Это я во всем виноват
Дальше идем. Дальше – третья стадия. Что там? Мы уже отчасти про это говорили. Это агрессия: «они виноваты, они вот это все» Дальше что?
Торги. Протест.
Торги, протест везде, конечно. Сначала была агрессия на них, потом она что?
На себя.
Разворачивается на себя, и тогда это что?
Вина.
Стадия вины и торгов.
Это все перемешивается. Как я уже сказала, человек может переходить от стадии к стадии. Это не значит, что ты тут три дня побыл, потом тут месяц, потом тут полгода. Ничего подобного. Все это перемещается с одного места в другое. И в какой-то момент, я думаю, что все это проходят, я, не зная кого-то, что не проходил эту вину, агрессия может вытесняться еще, а вот вина… обычно это переживание, что это я виноват в его смерти.
Опять же я здесь могу поделиться собственным опытом. Мне было 15 лет, когда умерла моя мама, и у меня долгое время… , я тогда, понятное дело, не была психологом и ничего не понимала. У меня долгое время была абсолютная убежденность, это не психоз, я все-таки пока еще в себе, но это была абсолютная убежденность, что это я ее убила своими руками. Там есть условный повод так думать: она умирала не в моем присутствии, в больнице, меня там не было в этот момент. Но убежденность моя была очень долго, и до сих пор иногда я знаю, что когда я работаю с собственными травмами психологическими, это переживание из «бессознательного» всплывает. И я смотрю с ужасом на свои руки и понимаю, что это руки, которые убили мою маму. Это был 1994 год, прошло 22 года. До сих пор, где-то глубоко бессознательно у меня, человека, который занимается много лет терапией, это чуть-чуть живо.

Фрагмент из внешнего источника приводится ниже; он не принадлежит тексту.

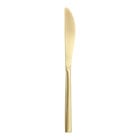 Bring a sleek new look to your table settings with this Fortessa Arezzo Brushed gold 7" 18/10 stainless steel extra heavy weight teaspoon. The Arezzo Brushed flatware collection by Fortessa features a long, slender profile that adds a touch of refinement and modern elegance to any table setting. Each piece in the collection features a flat, square end with a prismatic handle design. The simple and attractive form is complemented by a distinctive brushed finish that will serve to hide scratches or fingerprints, while its sleek gold color adds a modern touch. This teaspoon is perfect for use when serving coffee, tea, desserts, and cereals.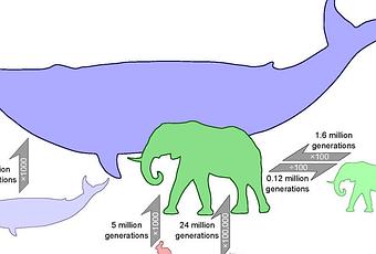Para pasar del tamaño de un gato al de un elefante se requiere un cambio evolutivo que se desarrolla en aproximadamente 10 millones de generaciones. Para llegar a la dimensiones de una ballena, sin embargo, los animales acuáticos necesitaron la mitad del tiempo.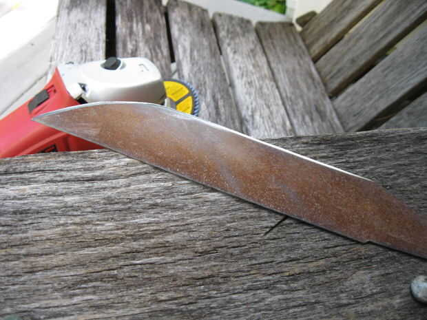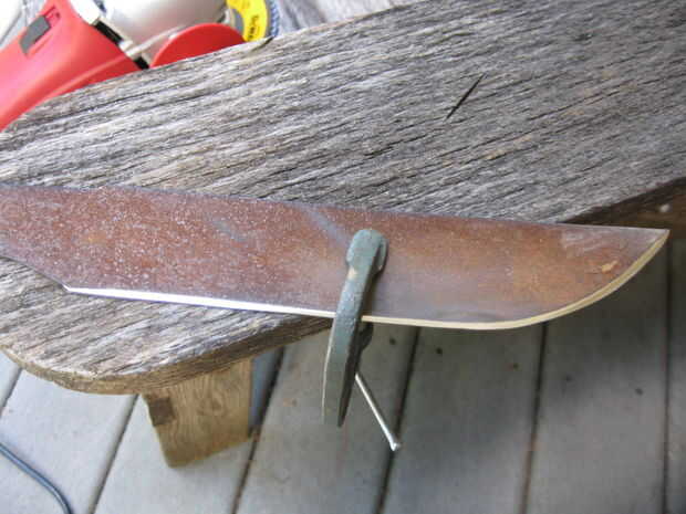 Para formar el bisel uso un disco de 36 grano para mi amoladora de ángulo, ya que tiene una trayectoria de corte amplio. Mientras se forma, comprobar el ángulo mirando hacia abajo el espacio en blanco. Al golpear a mitad de camino, dale la vuelta y moler el otro lado. Cuando vea un borde de alambre conformado, detener. han hecho un éxito borde.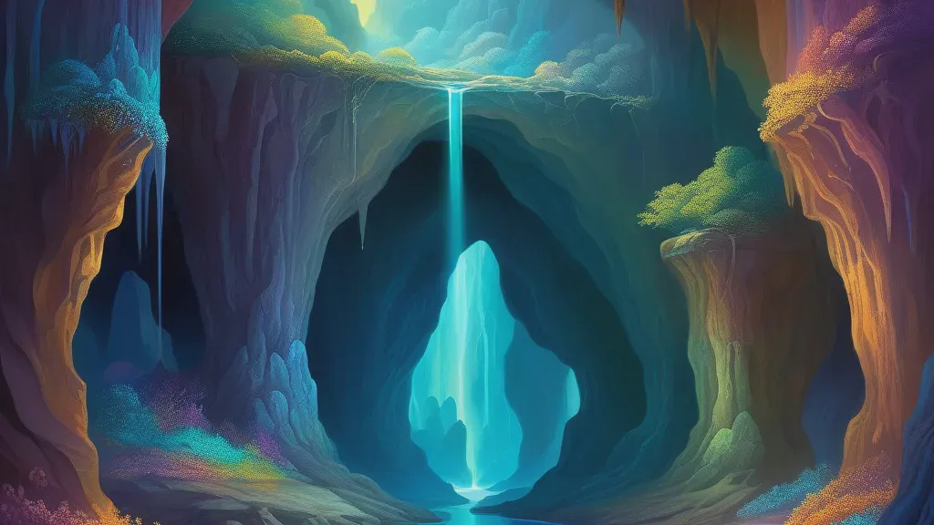 Caves represent the unconscious mind and hidden aspects of the self. They symbolize mystery, introspection, and the journey inward to discover deeper truths. Caves can also represent safety, refuge, or the womb-like return to origins.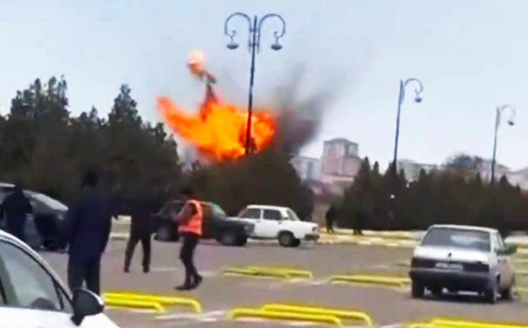 Á sosialum miðlum síggjast video-brot, sum skulu vísa hendingarnar, tá drona rakti við altjóða flogvøllin í Nakhitsjevan.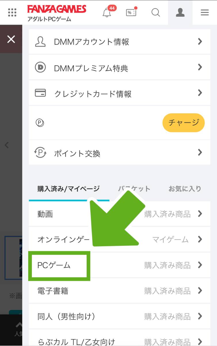 ▲購入完了後は虫眼鏡アイコンの右にある人型アイコンから、「購入済み/マイページ」の「PCゲーム」をクリック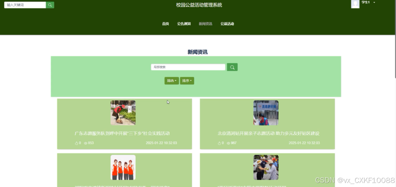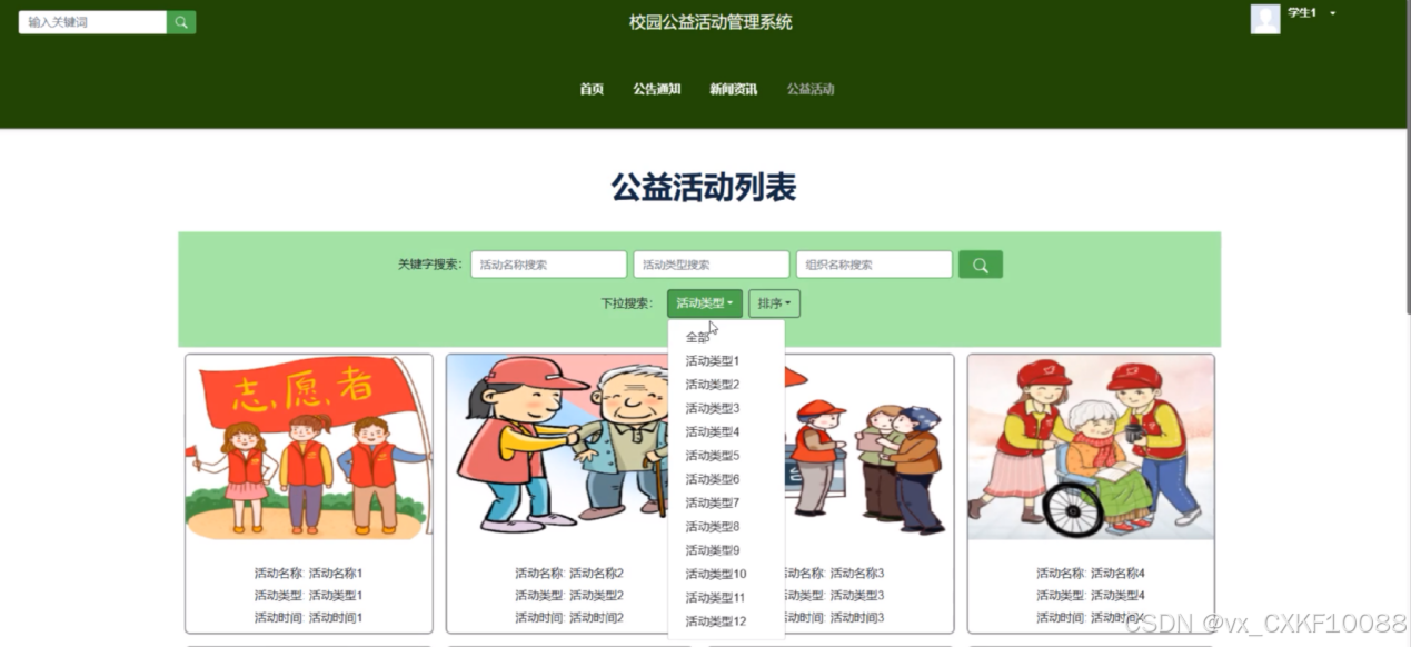 | 公益活动浏览功能测试 | 1. 打开公益活动浏览页面。 | 页面正常加载,显示公益活动列表。 | 与预期结果一致。 |

Это я к чему. Что это чувство вины, что это я виноват в смерти другого, это я … там очень разные могут быть варианты как. Не обязательно руками. Там очень разные воспоминания. Вот относительно недавно один мужчина обратился: молодой человек, то ли старшеклассник, то ли студент младших курсов ехал в Москву из Подмосковья на электричке и попал под поезд. И мне звонил, по-моему, его папа. Понятно, что весь ужас … и у них «фонит» переживание, что… он говорит: «моя жена описывает», там, видимо, папа более устойчивый, жена больше горевала. «Моя жена говорит, мы зря переехали в эту квартиру в Подмосковье. Если бы мы не переехали, он бы не ездил на электричке и этого бы не случилось». И это очень понятные такие, частые совершенно истории, когда обвиняешь себя, что: «Если бы я что-то сделал, этого бы не произошло. Если бы я других врачей нашел, если бы я…» Ну и самое разное: «Был в тот момент… почему я в этот день ушел, там, в кино, или в ресторан с друзьями… если бы я в этот день сидел дома, этого бы не случилось». Самые-самые разные здесь есть варианты, и, соответственно, переживания вины. И есть одна такая правда про чувство вины, которую я постоянно говорю в самых разных темах, неважно в какой теме. Но с виной есть такая хитрость, что парадоксальным образом это связано с этой темой бессилия.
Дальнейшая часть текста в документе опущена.